Reputation: 351
C++ template selection - unusual case
I have the following defintions
template <typename T1, typename T2> class ArithmeticType {
public:
T1 x1;
T2 x2;
typedef typeof(x1+x2) Type;
};
template <typename D1, typename D2> inline
std::complex<typename ArithmeticType<D1,D2>::Type>
operator+(const std::complex<D1>& x1, const std::complex<D2>& x2) {
D1 x1r = real(x1);
D1 x1i = imag(x1);
D2 x2r = real(x2);
D2 x2i = imag(x2);
return std::complex<typename ArithmeticType<D1,D2>::Type>(x1r+x2r, x1i+x2i);
}
I then use this class as follows
std::complex<double> x;
std::cout << typeid(x).name() << std::endl;
ArithmeticType<std::complex<double>,std::complex<float>>::Type y;
std::cout << typeid(y).name() << std::endl;
which the produces output
St7complexIdE
St7complexIdE
which makes sense to me: y is of type std::complex<double>
Now, with the indent of adding complex and floating types, I add a specialization of the operator+ template so the code becomes
template <typename T1, typename T2> class ArithmeticType {
public:
T1 x1;
T2 x2;
typedef typeof(x1+x2) Type;
};
template <typename D1, typename D2> inline
std::complex<typename ArithmeticType<D1,D2>::Type>
operator+(const std::complex<D1>& x1, const std::complex<D2>& x2) {
D1 x1r = real(x1);
D1 x1i = imag(x1);
D2 x2r = real(x2);
D2 x2i = imag(x2);
return std::complex<typename ArithmeticType<D1,D2>::Type>(x1r+x2r, x1i+x2i);
}
template <typename D1, typename D2> inline
std::complex<typename ArithmeticType<D1,D2>::Type>
operator+(const std::complex<D1>& x1, const D2 x2) {
D1 x1r = real(x1);
D1 x1i = imag(x1);
return std::complex<typename ArithmeticType<D1,D2>::Type>(x1r+x2, x1i+x2);
}
I run the same code as before but now I get a compile error because the compiler tries to use the second specialization instead of the first. This doesn't make sense to me. I would think that the (g++) compiler would still choose the first specialization.
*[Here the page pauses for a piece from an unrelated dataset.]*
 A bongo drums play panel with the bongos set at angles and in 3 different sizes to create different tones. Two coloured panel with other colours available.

Can some explain the rule why this occurs?
Upvotes: 5
Views: 113
Answers (2)
Reputation: 23517
I believe you are observing behavior caused by this quote from cppreference/SFINAE:
Only the failures in the types and expressions in the immediate context of the function type or its template parameter types are SFINAE errors. If the evaluation of a substituted type/expression causes a side-effect such as instantiation of some template specialization, generation of an implicitly-defined member function, etc, errors in those side-effects are treated as hard errors.
A minimal example:
template <typename T>
struct has_foo
{
using foo_t = decltype(T{}.foo());
};
template <typename T> void f(T&&) { }
// SFINAE error => no compilation error:
template <typename T> decltype(T{}.foo()) f(T&&) { }
// non-SFINAE error => hard error:
template <typename T> typename has_foo<T>::foo_t f(T&&) { }
int main()
{
f(1);
}
Your code basically behaves the same, just instead of has_foo you have ArithmeticType.
As for the return type deduction with auto, see, for example: SFINAE with C++14 return type deduction.
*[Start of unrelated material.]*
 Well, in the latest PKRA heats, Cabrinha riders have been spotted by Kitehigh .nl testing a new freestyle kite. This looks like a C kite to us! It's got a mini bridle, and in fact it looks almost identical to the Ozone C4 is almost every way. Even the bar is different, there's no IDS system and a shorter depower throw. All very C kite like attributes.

A working example with the same has_foo as above:
#ifndef DEFINE_THIS_SYMBOL_TO_CAUSE_COMPILATION_ERROR
void f(int) { }
#endif
// no SFINAE => viable candidate
template <typename T> auto f(T&&)
{
return typename has_foo<T>::foo_t{};
}
int main()
{
f(1);
}
If void f(int) { } is defined, its a better match and the templated f is not instantiated.
Upvotes: 2
Reputation: 1907
The problem with the second template is the deduction of the return value:
template <typename D1, typename D2> inline
std::complex<typename ArithmeticType<D1,D2>::Type>
operator+(const std::complex<D1>& x1, const D2 x2)
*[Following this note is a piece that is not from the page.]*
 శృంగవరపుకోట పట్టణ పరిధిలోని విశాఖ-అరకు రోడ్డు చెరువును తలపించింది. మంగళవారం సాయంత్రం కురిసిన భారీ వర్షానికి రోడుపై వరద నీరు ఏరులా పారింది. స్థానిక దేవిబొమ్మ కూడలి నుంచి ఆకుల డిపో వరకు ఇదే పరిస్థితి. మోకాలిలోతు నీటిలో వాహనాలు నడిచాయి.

When you try to instantiate ArithmeticType<std::complex<double>, std::complex<float> >
The second operator+ types are deduced to:
D1: double, D2: std::complex<float>. You then try to instantiate ArithmeticType with D1=double, D2=std::complex<float>. This in turn, tries to deduce the type of operator+ for a double and std::complex<float>. There is no such function, and you fail to compile.
Upvotes: 1